Brokeback Mountain -- The "gay cowboy" movie that's getting so much attention during the last weeks of the year was something of a disappointment to me. Ang Lee's direction and Rodrigo Prieto's cinematography are classic. But I had trouble buying the characters portrayed by Heath Ledger and Jake Gyllenhaal. (Gyllenhaal's Jack was easier for me to take than Ledger's Ennis.) Discussion of Brokeback Mountain is not going to end anytime soon, however -- WorldNetDaily calls the film "Rape of the Marlboro Man." (For an opinion that differs from mine, and from WND's, see Tim Hulsey, here.)

Little Manhattan -- A lighthearted companion piece to The Squid and the Whale, I can almost guarantee that you haven't seen this movie, which apparently has appeared on only about three dozen screens nationwide. Like The Squid and the Whale, the premise of this movie has divorcing parents (Bradley Whitford and Cynthia Nixon) and a child coming to terms with the new situation (Josh Hutcherson). Here, however, the focus is on the pre-teen's own first love, with an 11-year-old classmate. The best thing about this movie, though, is the way New York City is not just its setting, but a character all its own.

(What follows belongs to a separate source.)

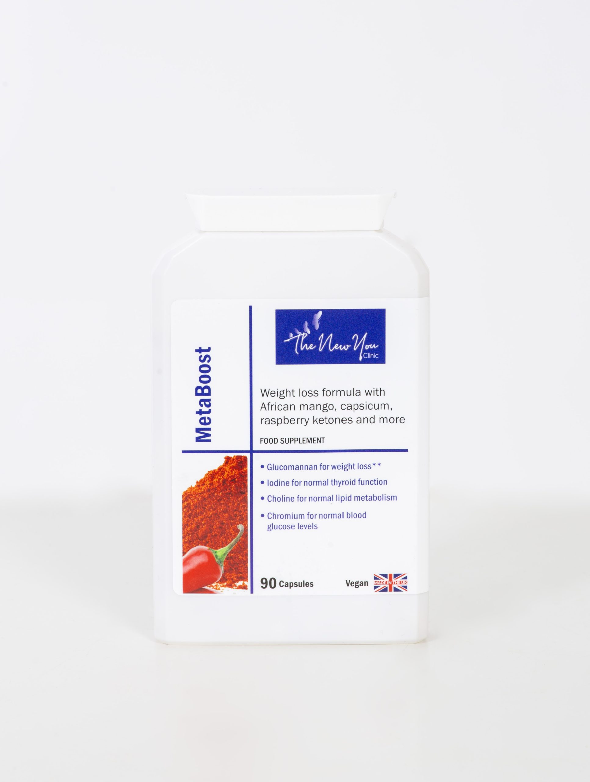 Using glucomannan in combination with an energy restricted diet contributes to weight loss. Choline contributes to normal lipid metabolism. Iodine contributes to normal energy-yielding metabolism and normal production of thyroid hormones and normal thyroid function. Chromium contributes to the maintenance of normal blood glucose levels and normal macronutrient metabolism. Vitamin B6 contributes to the reduction of tiredness and fatigue.

Kids in America -- This film has its civil libertarian heart in the right place, but its execution leaves a lot to be desired. It came and went quickly; the night I saw it, there were just three or four other people in the theatre. Some nice moments, though, and a strong anti-authoritarian message that should resonate well with high school students and others who have had their freedom of expression stifled.

Cry_Wolf -- I shouldn't let the year go by without a mention of this first feature by Charlottesville native Jeff Wadlowand his producing partner, Beau Bauman. Another near miss, this teen slasher flick shows a lot of promise for its creators. Had they had a larger budget -- they were hampered by the terms of the million-dollar Chrysler prize -- they might have achieved a better result. Jon Bon Jovi is terrific in a supporting role that carries some surprises with it. Bauman and Wadlow deserve special kudos for their mentoring of the teams of young filmmakers who compete in the Adrenaline Film Project at the Virginia Film Festival.

One dishonorable mention:

The Fever
, starring Vanessa Redgrave as a neo-Marxist bobblehead doll who romanticizes brutal totalitarian regimes that claim to stand for "the poor" and "the people" even as they put both under the heel of their hobnailed boots.

2 comments:

Tim said...

Ian Frazier wrote a marvelously vicious essay about why critics shouldn't say that a setting functions as a "character."